Yotam Intrator, Natalie Aizenberg, Amir Livne, Ehud Rivlin, Roman Goldenberg

Abstract

Computer-aided polyp detection (CADe) is becoming a standard, integral part of any modern colonoscopy system. A typical colonoscopy CADe detects a polyp in a single frame and does not track it through the video sequence. Yet, many downstream tasks including polyp characterization (CADx), quality metrics, automatic reporting, require aggregating polyp data from multiple frames. In this work we propose a robust long term polyp tracking method based on re-identification by visual appearance. Our solution uses an attention-based self-supervised ML model, specifically designed to leverage the temporal nature of video input. We quantitatively evaluate method’s performance and demonstrate its value for the CADx task.

Link to paper

DOI: https://doi.org/10.1007/978-3-031-43904-9_57

SharedIt: https://rdcu.be/dnwH3

Link to the code repository

N/A

Link to the dataset(s)

N/A


Reviews

Review #1

  • Please describe the contribution of the paper

    This submission proposes a re-identification method based on detected polyp’ image appearances for long term polyp tracking in a colonoscopy video. The authors use an existing polyp detection model and crop regions of detected polyp in a video. For the cropped polyp images, they extracted feature vectors and used them for polyp re-identification in a video.

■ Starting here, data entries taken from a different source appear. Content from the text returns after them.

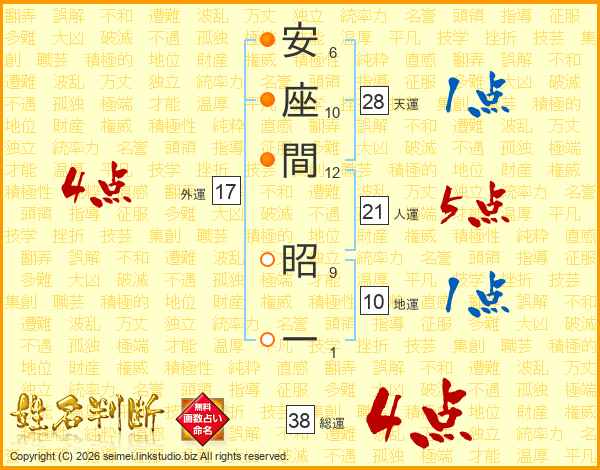 安(6画)座(10画)間(12画) 昭(9画)一(1画)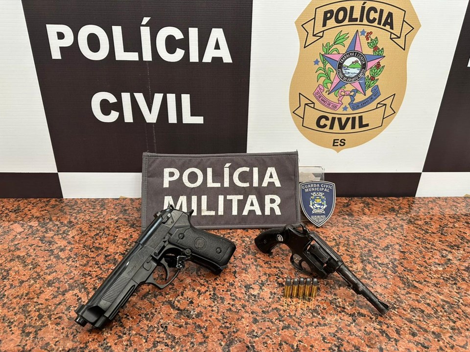 No imóvel, os policiais localizaram e apreenderam um preservativo masculino aberto, um revólver calibre .32 com numeração raspada e cinco munições intactas, um simulacro de pistola e um telefone celular. O suspeito não tinha registro da arma de fogo.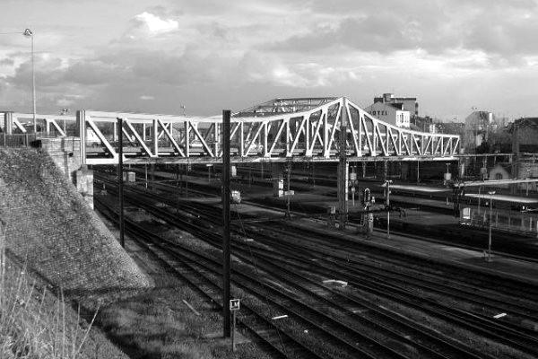 | Commentaire image : Cette vue, côté les Aubrais, est postérieure à 1926, date de l'électrification. A l'origine, le treillis était peint en gris princesse, couleur de la Compagnie d'Orléans. Il fut plusieurs fois repeint en vert clair par la suite. | ![]() |

  • Please list the main strengths of the paper; you should write about a novel formulation, an original way to use data, demonstration of clinical feasibility, a novel application, a particularly strong evaluation, or anything else that is a strong aspect of this work. Please provide details, for instance, if a method is novel, explain what aspect is novel and why this is interesting.

    -Focusing polyp tracking in a video for the analysis of real colonoscopy images. -Tackle the same polyp classification among similar image appearances.

  • Please list the main weaknesses of the paper. Please provide details, for instance, if you think a method is not novel, explain why and provide a reference to prior work.

    -Unclear technical novelty. -Unclear description of methodology with incorrect mathematical notations. -Insufficient survey. -Insufficient advantages/clinical impact of this work.

  • Please rate the clarity and organization of this paper

    Poor

  • Please comment on the reproducibility of the paper. Note, that authors have filled out a reproducibility checklist upon submission. Please be aware that authors are not required to meet all criteria on the checklist - for instance, providing code and data is a plus, but not a requirement for acceptance

    This work has insufficient repeatability. They do not use any public datasets, and do not intend to share their codes. Furthermore, the description of the methodology part lacks detailed settings. Moreover, the presented mathematical notations are out of the standard. One can implement the proposed method for its re-experiment.

  • Please provide detailed and constructive comments for the authors. Please also refer to our Reviewer’s guide on what makes a good review: https://conferences.miccai.org/2023/en/REVIEWER-GUIDELINES.html

    In the past decades, previous works of the re-identification have been reported. However, this submission missing these works. Overall, descriptions in the manuscript are wordy and missing detailed explanations. This leads to manuscript’s low readability. Experimental settings are also hard to understand. These result in unclear technical contribution and clinical impact. Therefore, the real outcome of this submission is unclear.

  • Rate the paper on a scale of 1-8, 8 being the strongest (8-5: accept; 4-1: reject). Spreading the score helps create a distribution for decision-making

    2

  • Please justify your recommendation. What were the major factors that led you to your overall score for this paper?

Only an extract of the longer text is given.